_Available data:_
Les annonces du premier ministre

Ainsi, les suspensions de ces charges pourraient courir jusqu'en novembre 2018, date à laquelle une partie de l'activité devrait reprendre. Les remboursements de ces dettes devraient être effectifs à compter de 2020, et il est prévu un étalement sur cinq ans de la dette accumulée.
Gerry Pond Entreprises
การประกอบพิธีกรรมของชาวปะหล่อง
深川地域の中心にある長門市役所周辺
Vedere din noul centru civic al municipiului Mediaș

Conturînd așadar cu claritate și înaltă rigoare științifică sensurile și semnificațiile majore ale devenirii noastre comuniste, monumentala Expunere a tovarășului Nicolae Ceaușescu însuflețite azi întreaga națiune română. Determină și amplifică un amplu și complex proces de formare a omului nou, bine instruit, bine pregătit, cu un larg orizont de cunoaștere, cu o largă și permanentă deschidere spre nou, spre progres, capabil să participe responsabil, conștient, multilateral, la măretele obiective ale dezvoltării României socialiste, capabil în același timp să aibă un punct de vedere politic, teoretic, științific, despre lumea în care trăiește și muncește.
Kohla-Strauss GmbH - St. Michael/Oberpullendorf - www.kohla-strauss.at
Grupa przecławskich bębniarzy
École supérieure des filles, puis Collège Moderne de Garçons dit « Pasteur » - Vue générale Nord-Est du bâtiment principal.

---

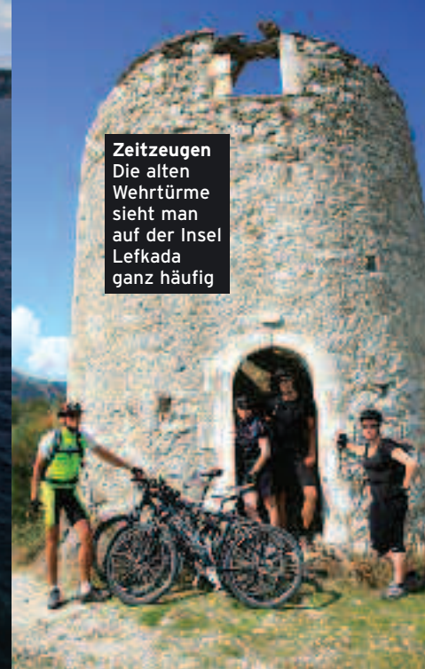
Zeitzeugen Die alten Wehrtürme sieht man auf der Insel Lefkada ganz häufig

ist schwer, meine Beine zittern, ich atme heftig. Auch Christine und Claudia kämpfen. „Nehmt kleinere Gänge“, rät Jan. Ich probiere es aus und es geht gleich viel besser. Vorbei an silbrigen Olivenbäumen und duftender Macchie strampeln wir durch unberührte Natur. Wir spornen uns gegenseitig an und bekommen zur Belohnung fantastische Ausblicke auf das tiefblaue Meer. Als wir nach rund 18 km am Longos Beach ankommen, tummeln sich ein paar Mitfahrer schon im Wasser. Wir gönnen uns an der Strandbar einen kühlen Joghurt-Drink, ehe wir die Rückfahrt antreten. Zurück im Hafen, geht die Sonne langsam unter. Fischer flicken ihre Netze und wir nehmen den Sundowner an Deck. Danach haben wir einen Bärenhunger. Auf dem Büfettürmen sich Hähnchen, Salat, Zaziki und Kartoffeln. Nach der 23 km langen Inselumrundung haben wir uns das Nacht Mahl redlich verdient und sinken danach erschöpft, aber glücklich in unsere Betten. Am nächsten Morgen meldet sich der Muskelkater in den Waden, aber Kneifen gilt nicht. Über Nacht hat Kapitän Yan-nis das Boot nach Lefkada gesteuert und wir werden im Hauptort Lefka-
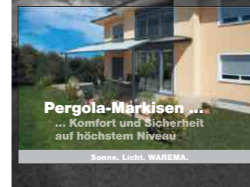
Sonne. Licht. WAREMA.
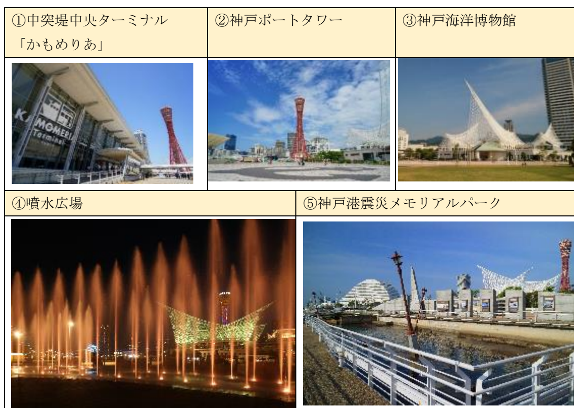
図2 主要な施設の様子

--

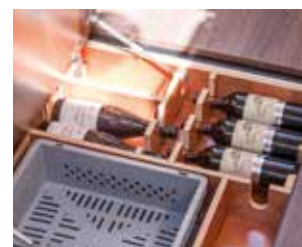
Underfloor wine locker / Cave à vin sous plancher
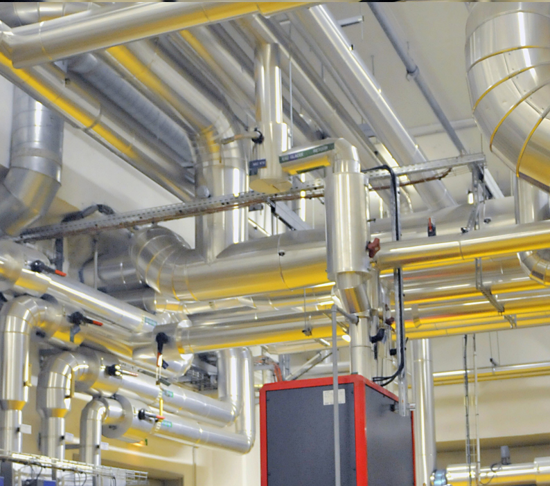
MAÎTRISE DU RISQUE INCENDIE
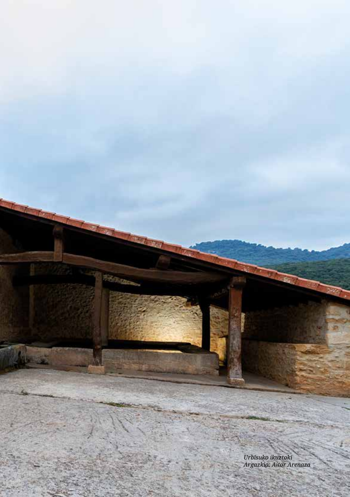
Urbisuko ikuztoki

_What is needed:_ Return the span of lines in the data above that opens at the line with "Vedere din noul" and closes at the line with "École supérieure des", exactly, ends included, nothing else.

_Result of the exercise:_
Vedere din noul centru civic al municipiului Mediaș

Conturînd așadar cu claritate și înaltă rigoare științifică sensurile și semnificațiile majore ale devenirii noastre comuniste, monumentala Expunere a tovarășului Nicolae Ceaușescu însuflețite azi întreaga națiune română. Determină și amplifică un amplu și complex proces de formare a omului nou, bine instruit, bine pregătit, cu un larg orizont de cunoaștere, cu o largă și permanentă deschidere spre nou, spre progres, capabil să participe responsabil, conștient, multilateral, la măretele obiective ale dezvoltării României socialiste, capabil în același timp să aibă un punct de vedere politic, teoretic, științific, despre lumea în care trăiește și muncește.
Kohla-Strauss GmbH - St. Michael/Oberpullendorf - www.kohla-strauss.at
Grupa przecławskich bębniarzy
École supérieure des filles, puis Collège Moderne de Garçons dit « Pasteur » - Vue générale Nord-Est du bâtiment principal.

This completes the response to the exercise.